There are two possibilities here. Either it does not really matter for valuation that our perspectives are so unconnected, because the IP-legal side has so little to offer, or it does matter, with the result that valuation is not being carried out as well as it might be. If the latter is true, then what is needed is a hightened dialogue to take advantage of the potential cross-fertization between the financial and IP-legal worlds. Something similar might well apply in connection with IP securitization. Investment houses, private equity funds, and banks--are you listening and are you interested?
I have been working toward bringing more substantive IP analysis into the valuation process ever since I was on both sides of a $150MM deal involving a consumer product acquisition. The value of the deal was premised on the fact that the 5 patents covered the product and would provide my client with a long-term sustainable competitive advantage that would allow premium pricing in a market that was typical the province of commodity pricing. The patents were strong and the go ahead was made for the deal. What wasn't reviewed (or even suggested by the M&A attorneys) was whether the patents covered the innovation (which was the assumption upon which the premium pricing calculations and NPV of the deal were based) or only the invention. Shortly after the close of the deal, it became apparent that there were (literally) dozens of ways to solve the same problem, and that my client had paid $150MM for only one of these solutions. Put simply, the patents covered an invention not the innovation. Price erosion quickly occurred, and my client ended up paying a huge price for permission to play in a commodity space.

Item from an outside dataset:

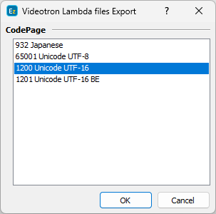 By proceeding with the export the following dialog will appear asking you to select Code Page for the output file: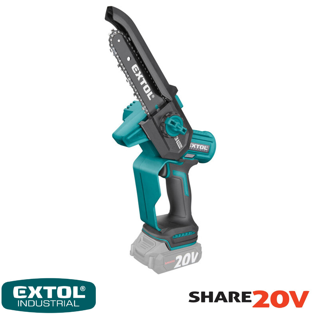 Az Extol Industrial SHARE20V egykezes akkus láncfűrész egy erőteljes és kompakt szerszám, amelyet fák metszésére, cserjék ápolására és rövid vágások készítésére terveztek a kertben vagy gyümölcsösben. Egykezes kialakításának köszönhetően ideális barkácsolás szerelmeseinek és szakembereknek, akiknek könnyű és könnyen használható gépre van szükségük.

This war story educated me to the fact both finance and IP expertise must be present in the valuation process. Think about it: the competitive advantage obtained from a patent depends substantially on the breadth and quality of the underlying legal document(s). This means that valuation of a patent portfolio can be greatly enhanced by including an analysis of the underlying legal components of the patents. In this regard, I have reviewed other deals and have predicted poor results based upon a quick review of the patents involved. Certainly there are reasons other than IP to go forward with a deal, but if the financing of the deal is premised upon the IP, the quality of the IP and that of neighboring IP must be part of the equation.
I have recently begun working with IP valuation experts who understand the interplay between long-term value and IP quality. The key is to communicate that this analysis is different from that of traditional IP due diligence. Finance people generally don't like to work with IP lawyers because they take to long, cost too much and take the analysis far deeper than what is needed in the context of a deal. As a result, IP due diligence is given short-shrift in most deals.
What I propose is that a "back of the envelope" subjective assessment in a very short timeframe be conducted in a fairly short timeframe. This analysis is tee'd up to be placed in their financial models. Imprecise? Yes. But needed? Yes.